The RANKcolumn shown is what I'm after:
显示的RANK列是我所追求的:
Empname sal address RANK
----------------------------------------------
Ram 3411 45,east road 2
Anirban 2311 34,west wind 4
Sagor 10000 34,south 1
Manisha 3111 12,d.h road 3
回答by OMG Ponies
Oracle10g means you can use analytic/ranking/windowing functions like ROW_NUMBER:
Oracle10g 意味着您可以使用 ROW_NUMBER 之类的分析/排名/窗口函数:
SELECT t.empname,
t.sal,
t.address,
ROW_NUMBER() OVER (ORDER BY t.sal DESC) AS RANK
FROM TABLE t
For the pedantic, replace ROW_NUMBERwith DENSE_RANKif you want to see ties get the same rank value:
对于迂腐,如果您想看到领带获得相同的排名值,请替换ROW_NUMBER为DENSE_RANK:
If two employees had the same salary, the RANKfunction would return the same rank for both employees. However, this will cause a gap in the ranks(ie: non-consecutive ranks). This is quite different from the dense_rank function which generates consecutive rankings.
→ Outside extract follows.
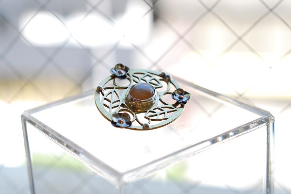 本体は真鍮で石座はシルバー、花のモチーフは洋白と銅を使ってすべて地金から製作されています。

如果两名员工的薪水相同,则RANK函数将为两名员工返回相同的等级。但是,这会造成排名的差距(即:非连续排名)。这与生成连续排名的dense_rank 函数完全不同。
The old school means of ranking is to use:
老派的排名方法是使用:
SELECT t.empname,
t.sal,
t.address,
(SELECT COUNT(*)
FROM TABLE x
WHERE x.sal <= t.sal) AS RANK
FROM TABLE t
The output will match the DENSE_RANK output -- ties will have the same rank value, while being numbered consecutively.
输出将匹配 DENSE_RANK 输出——关系将具有相同的等级值,同时连续编号。
回答by Piyush Mattoo
I often refer to this detailed, informative yet quick link Analytical Functionsfor the analytical functions.
我经常提及本详细丰富又快速链接解析函数的分析功能。